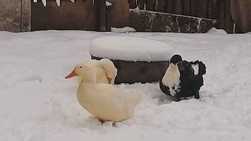 Как переносят сильные морозы индоутки,утки и другие домашние птицы.
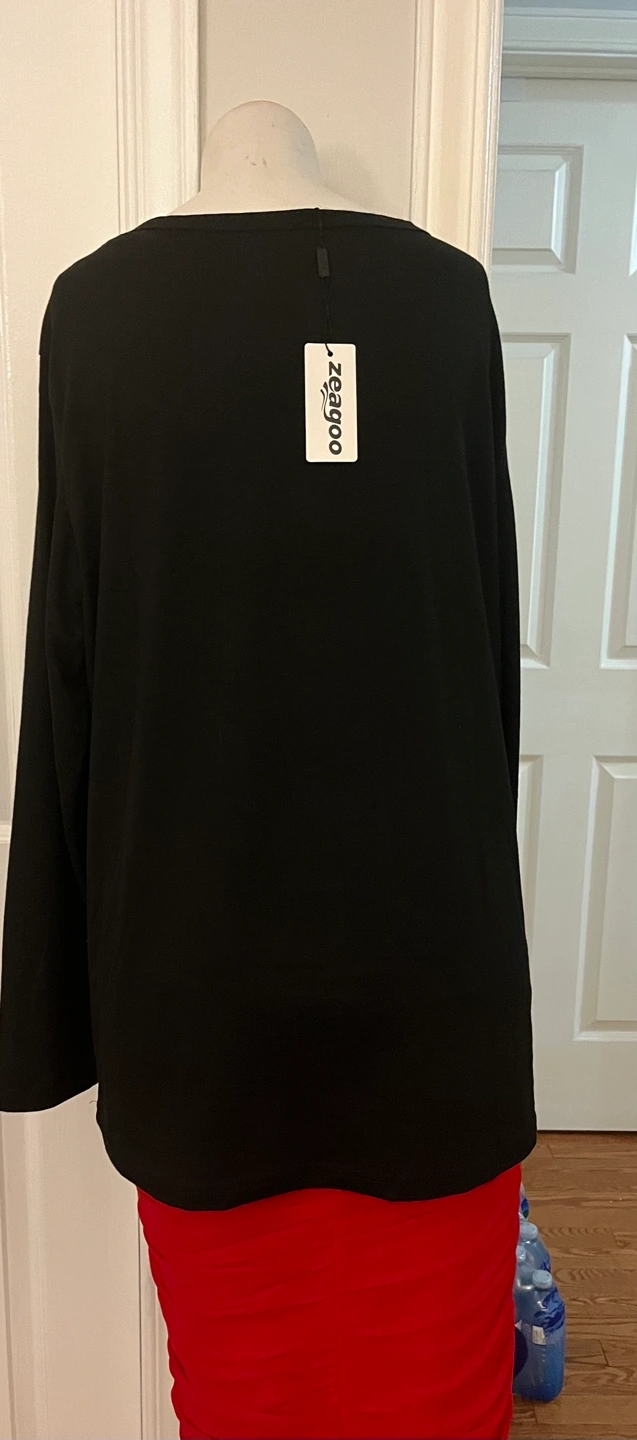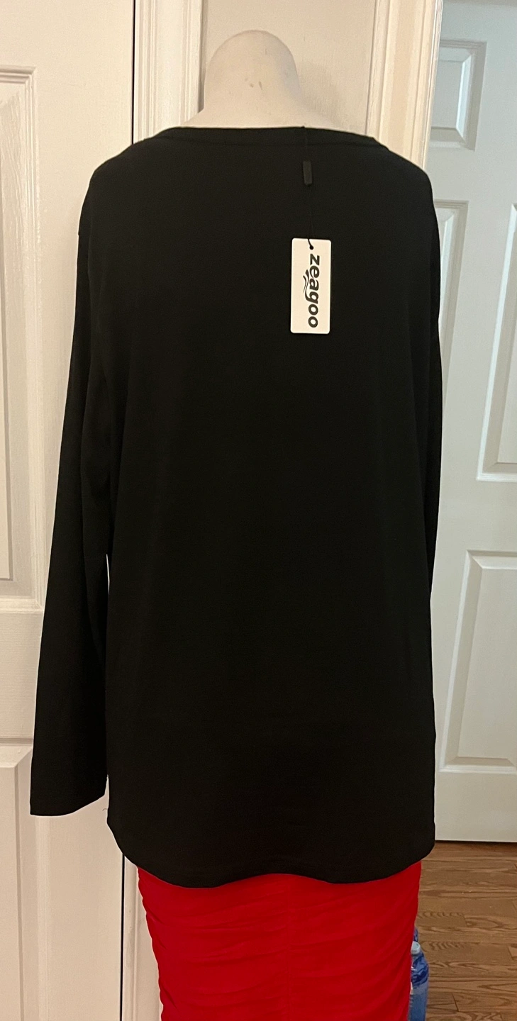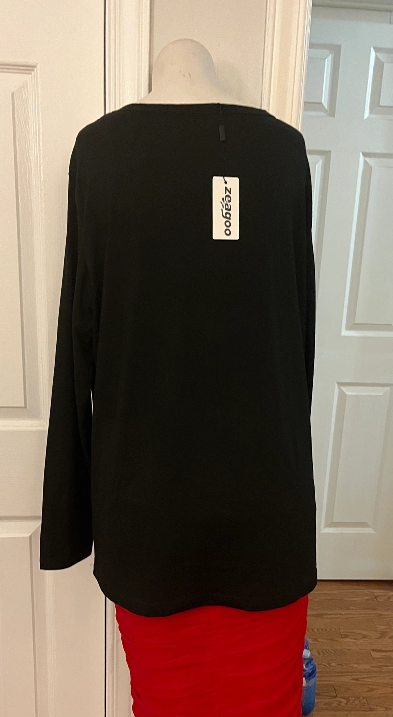 Here's a brand new Zeagoo long sleeve shirt in size XL! It's black and made of 76% polyester, 19% viscose, and 5% spandex
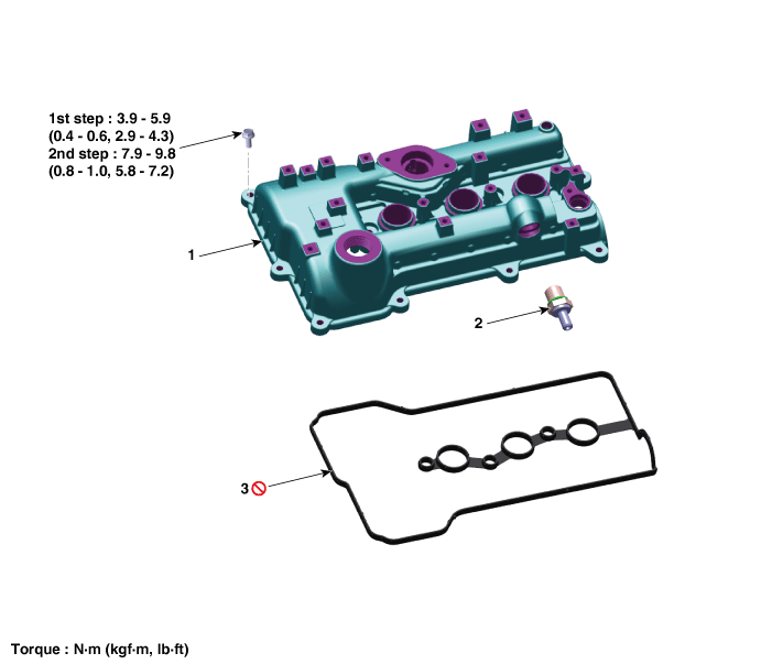 | 1. Oil filler cap 2. Cylinder head cover | 3. Cylinder head cover gasket |

▶ Exercise directions:
Your answer should contain all the material above, written out exactly, and none of the pictures.

▶ Output below:
 Как переносят сильные морозы индоутки,утки и другие домашние птицы.
 Here's a brand new Zeagoo long sleeve shirt in size XL! It's black and made of 76% polyester, 19% viscose, and 5% spandex
 | 1. Oil filler cap 2. Cylinder head cover | 3. Cylinder head cover gasket |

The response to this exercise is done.